» Available data
*** Begin section ***
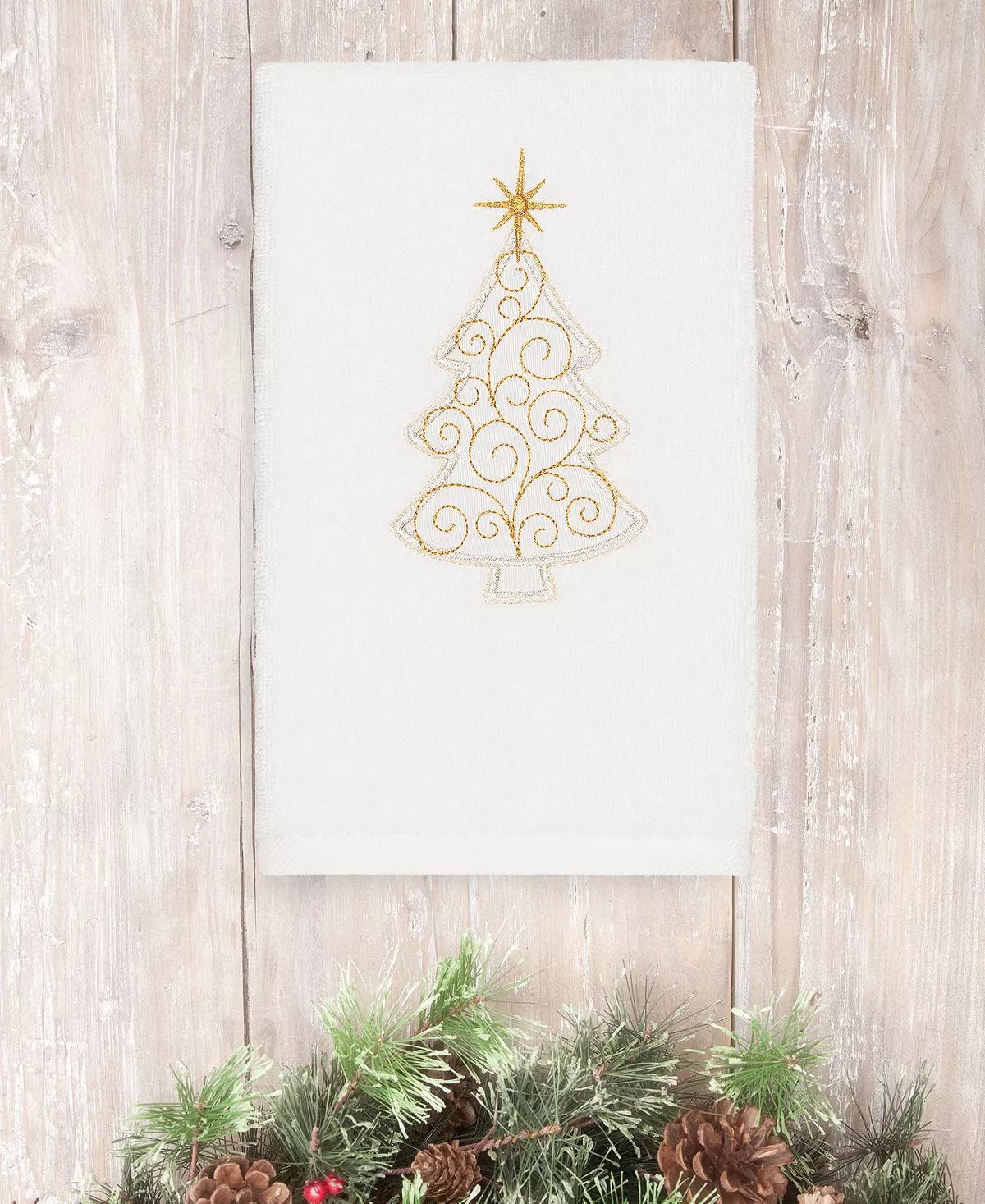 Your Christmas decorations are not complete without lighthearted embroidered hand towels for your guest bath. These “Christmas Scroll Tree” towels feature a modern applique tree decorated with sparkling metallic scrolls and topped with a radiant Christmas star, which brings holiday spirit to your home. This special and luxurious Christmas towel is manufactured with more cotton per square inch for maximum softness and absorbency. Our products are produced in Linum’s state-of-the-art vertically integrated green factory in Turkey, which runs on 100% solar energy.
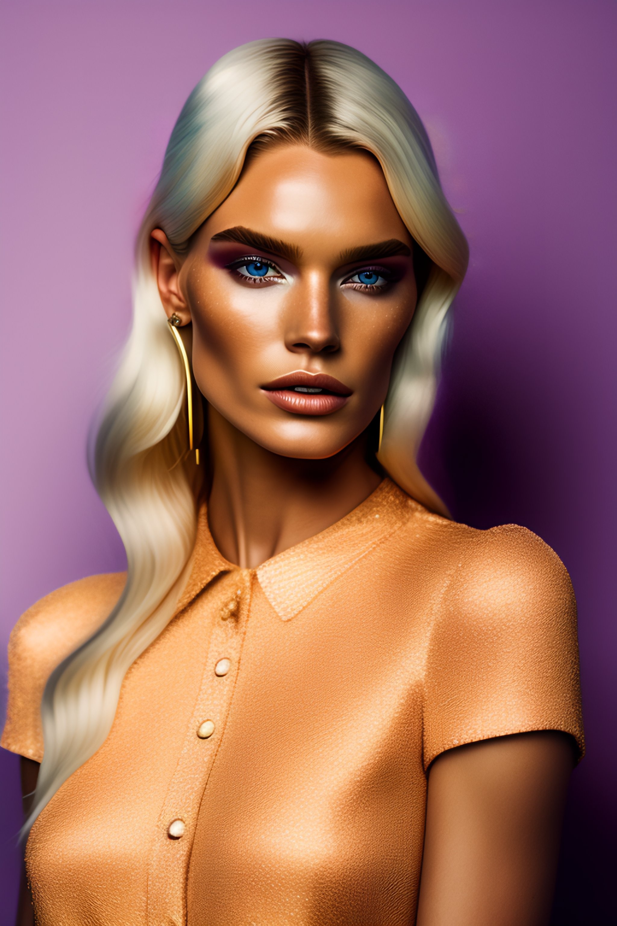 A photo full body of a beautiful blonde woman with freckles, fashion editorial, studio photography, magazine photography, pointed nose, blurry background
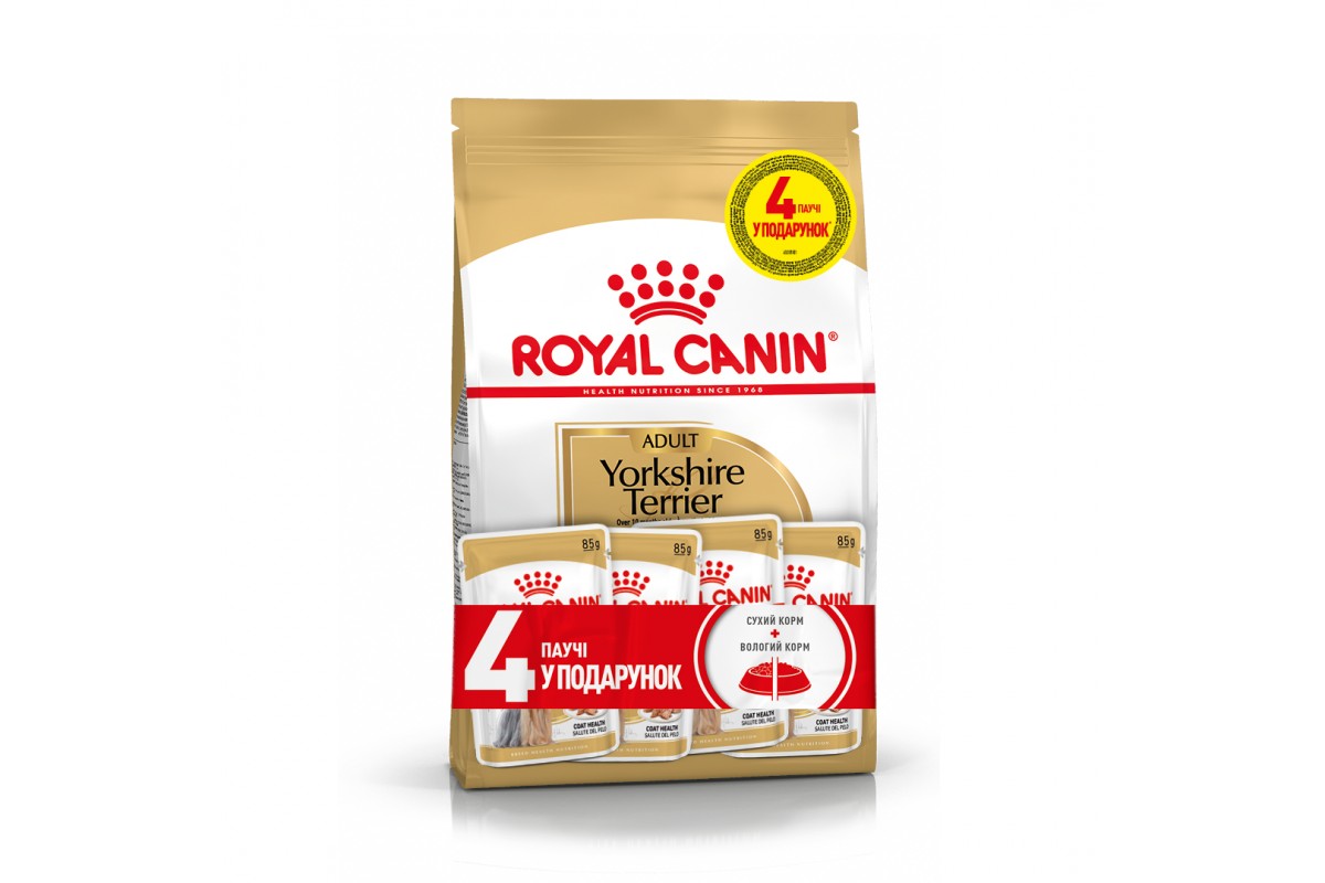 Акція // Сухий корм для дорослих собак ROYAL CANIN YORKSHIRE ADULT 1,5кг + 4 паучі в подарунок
*** End section ***
*** Begin section ***
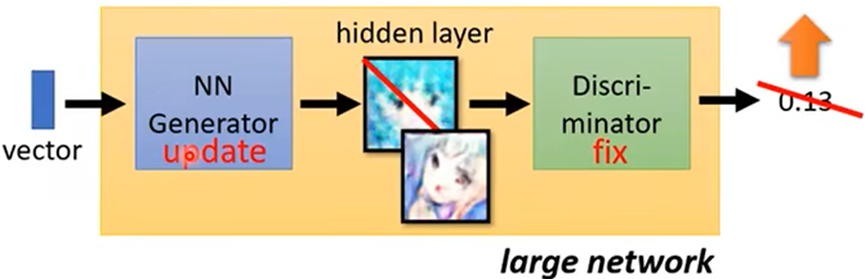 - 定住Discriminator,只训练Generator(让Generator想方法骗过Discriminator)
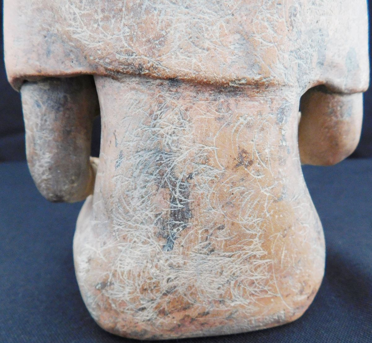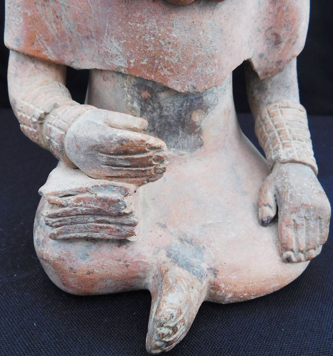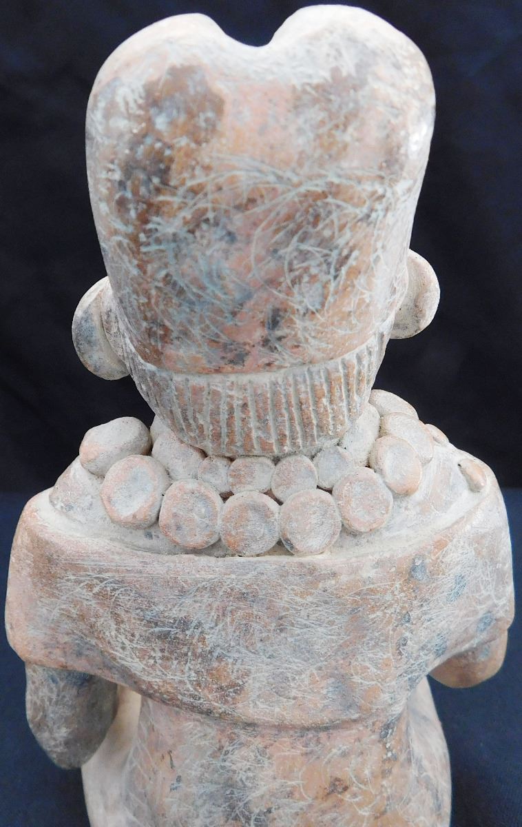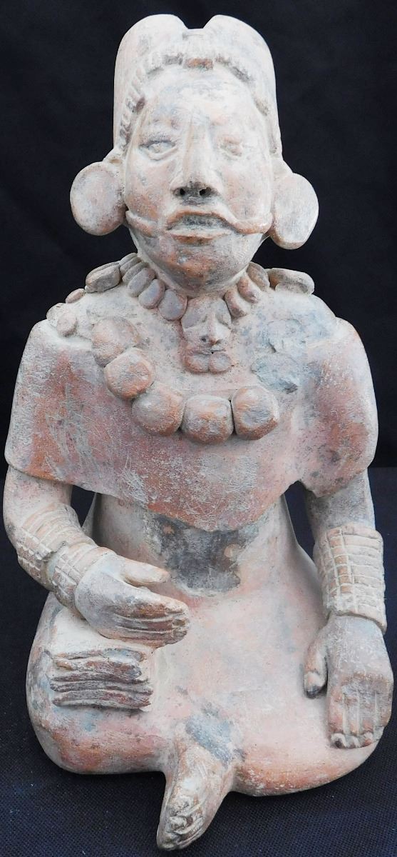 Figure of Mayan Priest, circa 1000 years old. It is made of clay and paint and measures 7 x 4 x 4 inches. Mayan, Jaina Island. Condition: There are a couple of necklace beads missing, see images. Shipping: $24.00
*** End section ***
» What is expected
Going by the data above, give back only the lines from the one containing "Your Christmas decorations" through the one containing "Акція // Сухий", exactly as they stand, both ends included and no images.

» Response
 Your Christmas decorations are not complete without lighthearted embroidered hand towels for your guest bath. These “Christmas Scroll Tree” towels feature a modern applique tree decorated with sparkling metallic scrolls and topped with a radiant Christmas star, which brings holiday spirit to your home. This special and luxurious Christmas towel is manufactured with more cotton per square inch for maximum softness and absorbency. Our products are produced in Linum’s state-of-the-art vertically integrated green factory in Turkey, which runs on 100% solar energy.
 A photo full body of a beautiful blonde woman with freckles, fashion editorial, studio photography, magazine photography, pointed nose, blurry background
 Акція // Сухий корм для дорослих собак ROYAL CANIN YORKSHIRE ADULT 1,5кг + 4 паучі в подарунок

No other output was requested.